> _Required action_: For the material below, output exactly the span from the line with "在單據(jù)的詳細信息界面" to the line with "Quando secar totalmente", including both, and nothing besides.

> _Extracted entries_:
━━━━━━━━━━

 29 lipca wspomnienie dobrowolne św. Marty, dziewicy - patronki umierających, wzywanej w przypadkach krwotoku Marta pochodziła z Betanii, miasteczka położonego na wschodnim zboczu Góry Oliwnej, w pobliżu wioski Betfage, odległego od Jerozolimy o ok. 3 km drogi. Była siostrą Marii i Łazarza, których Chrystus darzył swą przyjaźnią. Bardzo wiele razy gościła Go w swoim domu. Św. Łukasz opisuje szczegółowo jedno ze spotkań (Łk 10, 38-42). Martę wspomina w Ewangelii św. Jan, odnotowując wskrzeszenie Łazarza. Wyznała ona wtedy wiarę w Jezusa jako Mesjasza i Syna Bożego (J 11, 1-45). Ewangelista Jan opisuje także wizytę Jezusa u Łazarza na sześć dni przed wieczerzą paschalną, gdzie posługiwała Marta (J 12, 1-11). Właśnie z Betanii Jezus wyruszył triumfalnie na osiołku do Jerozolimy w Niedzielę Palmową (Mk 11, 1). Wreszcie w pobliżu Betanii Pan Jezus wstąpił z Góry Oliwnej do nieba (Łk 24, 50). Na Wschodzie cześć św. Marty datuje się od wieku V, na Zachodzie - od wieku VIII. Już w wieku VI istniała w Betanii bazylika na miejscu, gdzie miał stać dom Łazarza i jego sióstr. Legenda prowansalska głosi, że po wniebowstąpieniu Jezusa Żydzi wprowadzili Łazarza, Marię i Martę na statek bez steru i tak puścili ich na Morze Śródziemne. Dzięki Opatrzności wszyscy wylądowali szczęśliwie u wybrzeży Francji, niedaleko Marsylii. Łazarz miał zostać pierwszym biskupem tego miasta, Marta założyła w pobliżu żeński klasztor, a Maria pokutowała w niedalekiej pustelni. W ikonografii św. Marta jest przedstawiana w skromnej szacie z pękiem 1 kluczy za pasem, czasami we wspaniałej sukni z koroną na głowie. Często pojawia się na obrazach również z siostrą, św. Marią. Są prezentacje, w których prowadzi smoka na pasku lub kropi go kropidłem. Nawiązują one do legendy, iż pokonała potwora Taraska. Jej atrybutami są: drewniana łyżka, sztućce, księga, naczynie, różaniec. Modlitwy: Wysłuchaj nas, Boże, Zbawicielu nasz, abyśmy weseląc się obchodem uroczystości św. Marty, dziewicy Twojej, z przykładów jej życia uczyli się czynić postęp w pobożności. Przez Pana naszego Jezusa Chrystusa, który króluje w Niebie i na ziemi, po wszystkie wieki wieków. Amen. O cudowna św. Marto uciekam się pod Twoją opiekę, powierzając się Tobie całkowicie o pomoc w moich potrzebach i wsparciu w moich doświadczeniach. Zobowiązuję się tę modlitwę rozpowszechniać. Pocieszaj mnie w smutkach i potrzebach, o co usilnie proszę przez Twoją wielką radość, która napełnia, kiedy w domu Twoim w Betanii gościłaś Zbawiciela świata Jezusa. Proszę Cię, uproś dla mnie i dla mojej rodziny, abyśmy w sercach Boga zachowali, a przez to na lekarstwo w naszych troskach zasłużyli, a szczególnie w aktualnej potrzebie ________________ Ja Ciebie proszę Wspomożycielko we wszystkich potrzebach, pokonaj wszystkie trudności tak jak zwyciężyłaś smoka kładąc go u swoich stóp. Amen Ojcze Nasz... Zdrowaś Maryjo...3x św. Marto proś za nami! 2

━━━━━━━━━━

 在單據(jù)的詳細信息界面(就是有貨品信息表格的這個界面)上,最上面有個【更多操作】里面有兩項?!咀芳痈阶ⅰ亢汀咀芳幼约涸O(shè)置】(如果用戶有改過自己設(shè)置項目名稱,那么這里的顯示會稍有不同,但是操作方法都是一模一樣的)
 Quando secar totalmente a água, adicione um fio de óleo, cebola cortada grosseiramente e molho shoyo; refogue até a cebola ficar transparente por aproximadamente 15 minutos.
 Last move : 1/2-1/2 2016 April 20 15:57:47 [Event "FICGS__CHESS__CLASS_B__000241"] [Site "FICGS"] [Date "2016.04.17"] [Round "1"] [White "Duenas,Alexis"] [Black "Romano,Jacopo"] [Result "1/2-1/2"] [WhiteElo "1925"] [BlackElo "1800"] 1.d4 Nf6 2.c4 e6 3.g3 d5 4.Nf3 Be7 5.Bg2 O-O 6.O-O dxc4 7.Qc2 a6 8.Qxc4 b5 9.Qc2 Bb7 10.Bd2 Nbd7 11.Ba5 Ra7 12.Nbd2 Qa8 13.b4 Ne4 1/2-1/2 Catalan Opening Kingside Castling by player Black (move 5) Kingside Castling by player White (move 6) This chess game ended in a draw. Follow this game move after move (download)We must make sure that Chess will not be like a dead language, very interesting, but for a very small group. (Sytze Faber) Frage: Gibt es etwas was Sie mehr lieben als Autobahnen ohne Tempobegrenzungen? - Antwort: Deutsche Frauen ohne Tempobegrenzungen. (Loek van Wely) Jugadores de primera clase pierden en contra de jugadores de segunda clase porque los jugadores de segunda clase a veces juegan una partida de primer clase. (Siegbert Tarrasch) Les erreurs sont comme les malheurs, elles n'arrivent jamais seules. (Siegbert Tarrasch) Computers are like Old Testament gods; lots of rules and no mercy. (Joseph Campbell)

━━━━━━━━━━

> _Solution to this exercise_:
 在單據(jù)的詳細信息界面(就是有貨品信息表格的這個界面)上,最上面有個【更多操作】里面有兩項?!咀芳痈阶ⅰ亢汀咀芳幼约涸O(shè)置】(如果用戶有改過自己設(shè)置項目名稱,那么這里的顯示會稍有不同,但是操作方法都是一模一樣的)
 Quando secar totalmente a água, adicione um fio de óleo, cebola cortada grosseiramente e molho shoyo; refogue até a cebola ficar transparente por aproximadamente 15 minutos.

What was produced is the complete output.